*** Block opens ***

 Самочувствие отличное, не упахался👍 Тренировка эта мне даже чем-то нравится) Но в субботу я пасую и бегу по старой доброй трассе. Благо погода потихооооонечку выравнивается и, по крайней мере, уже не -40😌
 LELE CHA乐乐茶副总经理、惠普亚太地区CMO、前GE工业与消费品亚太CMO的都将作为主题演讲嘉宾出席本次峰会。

*** Block closes ***
*** Block opens ***

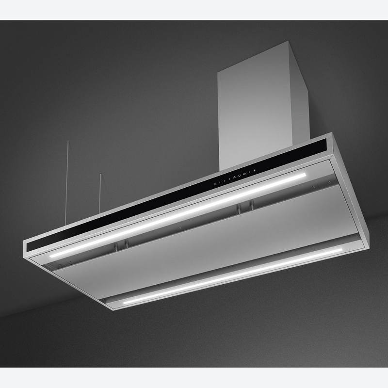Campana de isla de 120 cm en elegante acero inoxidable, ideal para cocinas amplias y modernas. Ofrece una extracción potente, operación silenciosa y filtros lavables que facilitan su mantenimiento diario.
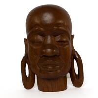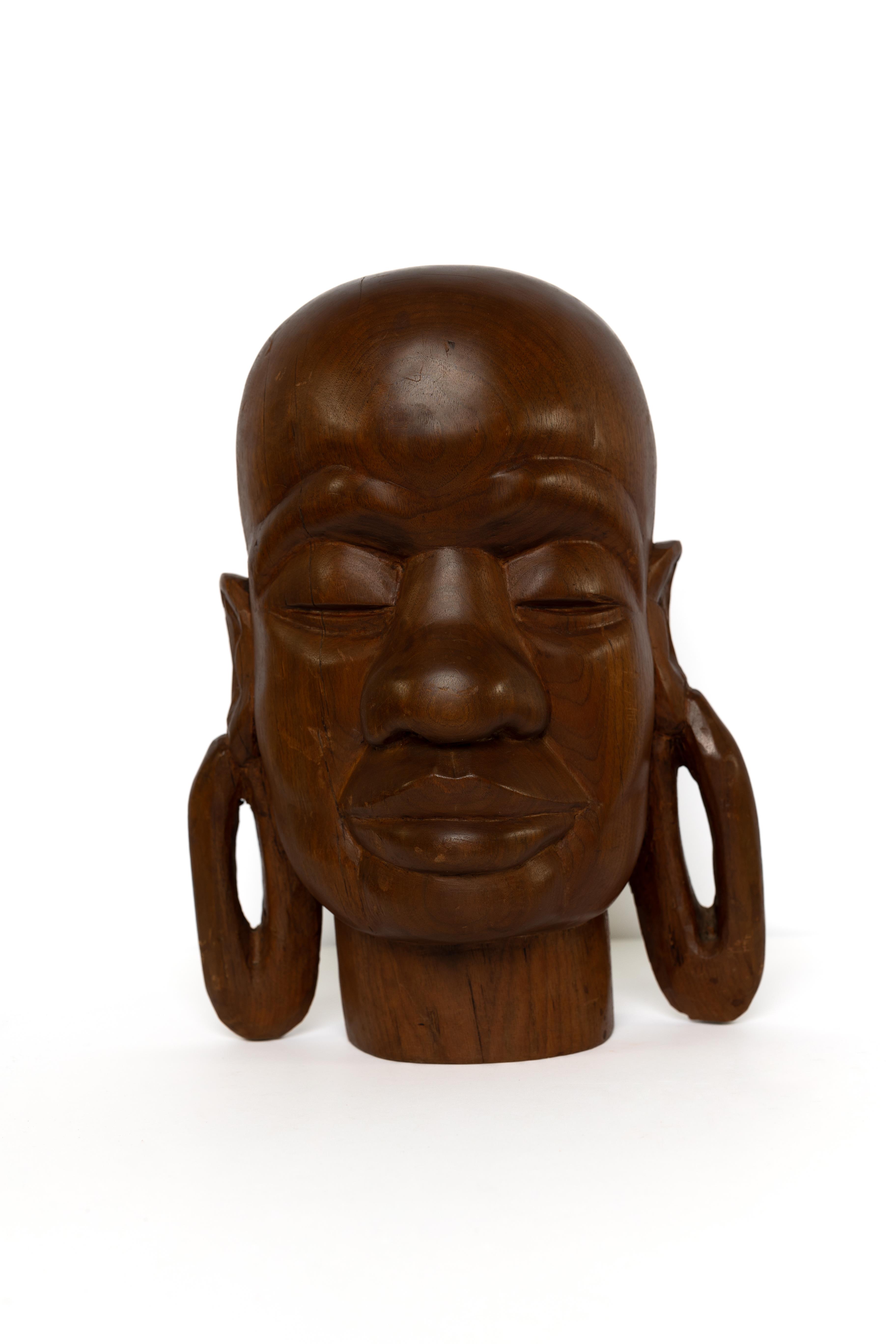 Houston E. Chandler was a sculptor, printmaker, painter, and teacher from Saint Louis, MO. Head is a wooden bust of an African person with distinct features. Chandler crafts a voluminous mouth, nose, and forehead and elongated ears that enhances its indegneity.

*** Block closes ***
*** Block opens ***

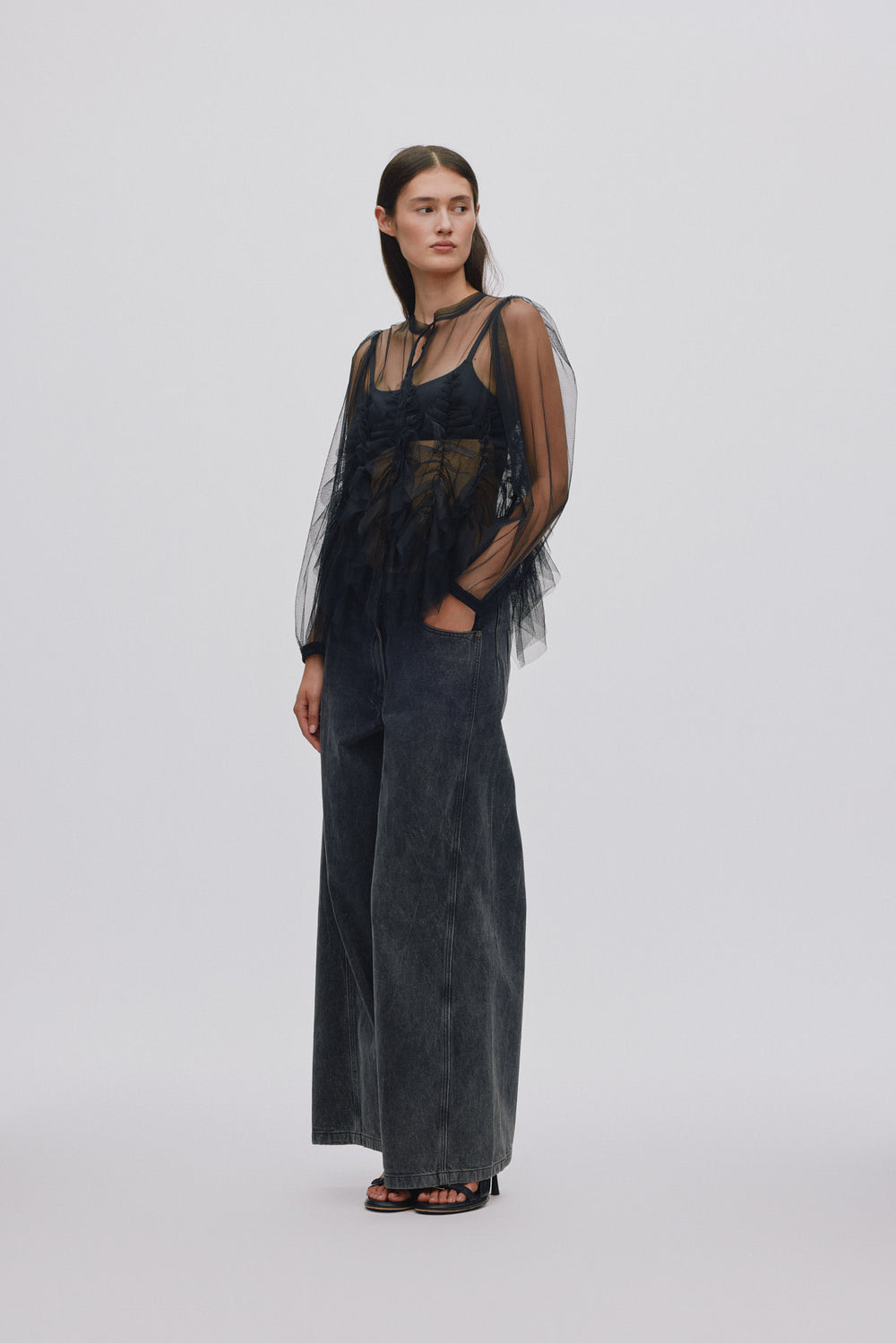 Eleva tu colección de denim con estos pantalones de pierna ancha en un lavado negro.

*** Block closes ***

The entries above hold the needed span. Transcribe exactly the lines from the one with "Самочувствие отличное, не" to the one with "LELE CHA乐乐茶副总经", both included.

■ **TASK SOLUTION**:
 Самочувствие отличное, не упахался👍 Тренировка эта мне даже чем-то нравится) Но в субботу я пасую и бегу по старой доброй трассе. Благо погода потихооооонечку выравнивается и, по крайней мере, уже не -40😌
 LELE CHA乐乐茶副总经理、惠普亚太地区CMO、前GE工业与消费品亚太CMO的都将作为主题演讲嘉宾出席本次峰会。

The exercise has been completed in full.